Un tipo enorme se me queda mirando cuando paso corriendo
junto a él. Parece un Ignatius Really con barba poblada y negra y unas enormes
gafas de pasta y un abrigo rojo que le cae hasta los tobillos.
Sí, Ignatius, aquel personaje que siempre iba acompañado de
su gruñona y superprotectora madre a todas partes, la cual humilló al
patrullero de la policía Mancuso. Tras realizar la detención rigurosa de la
madre y su hijo y llevarlos a comisaría, el comisario jefe, harto ya de las
meteduras de pata de Mancuso, decide castigar a éste al desempeño diario de su
labor policial disfrazado y con un disfraz cada día más ridículo, es la única
manera de superarse en su trabajo: llevar cada día un disfraz que supere al
anterior en ridiculez y en escarnio.
Ignatius me mira y levanta el pulgar. Yo me sorprendo, pero
le agradezco el gesto aunque no me ha dado tiempo ni siquiera para una sonrisa
de confirmación. Sí, contesto con una media sonrisa, por ahora vamos bien.

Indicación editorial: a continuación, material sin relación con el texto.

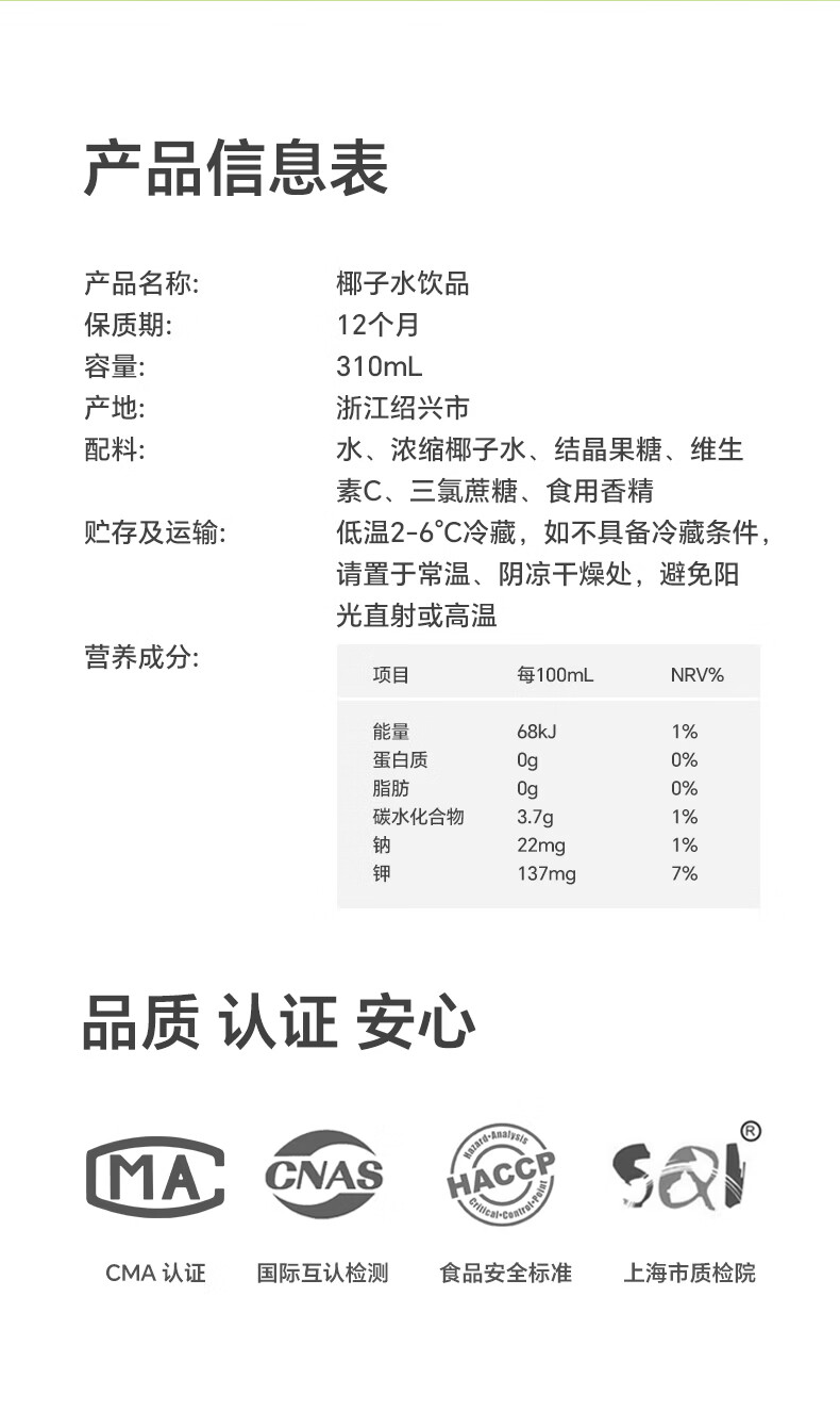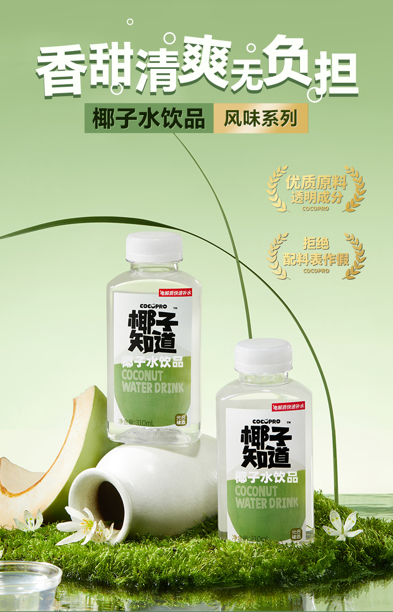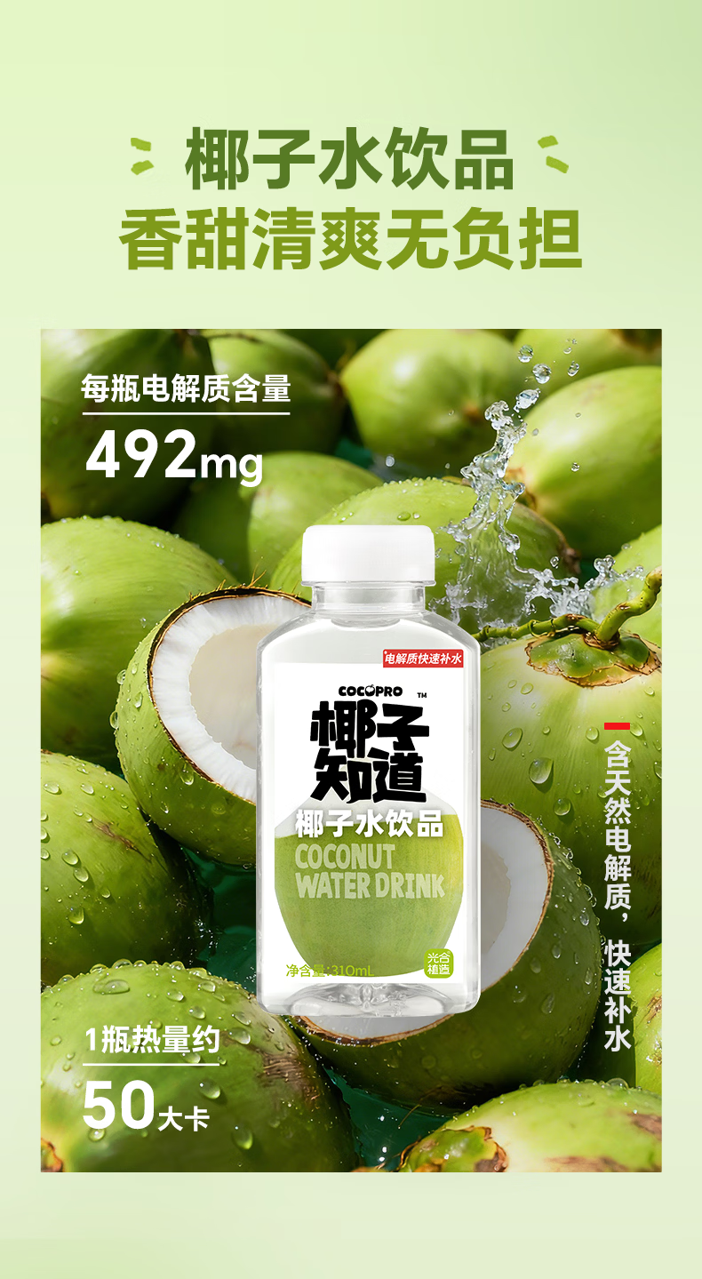 椰子知道椰子水风味饮料天然电解质水果汁饮料原浆整箱310ml 0糖鲜椰汁200ml*6盒

Un par de kilómetros más adelante me encuentro con otro
sujeto que me habla desde una tumbona y que a modo de columpio se encuentra en
la zona de recreo infantil. Está completamente estirado y con las manos detrás
de la cabeza, a pesar de que llovizna un poco. Con ese tiempo no hay niños, ni
padres ni madres ni abuelos aplastados por obligaciones familiares dictadas por
hijos que se dedican las 24 horas al trabajo. Me dice algo así como ¿Qué…?,
¿poniéndonos en forma? Le respondo que Es lo que hay, tío. Y sigo. Vuelve a
decirme algo pero no alcanzo a escucharle, el ruido de mi respiración, el
sonido de la brisa y la ligera llovizna, el tráfico que he dejado a mis
espaldas, la sorpresa porque aquel tipo me hablase, todo ello impide que le
oiga. Parece ser que la gente cuando ve que el tiempo está jodidamente gris y
nuestras ganas no son las mejores, es más receptiva con el otro o se permite
ciertas licencias o simplemente ha sido casualidad.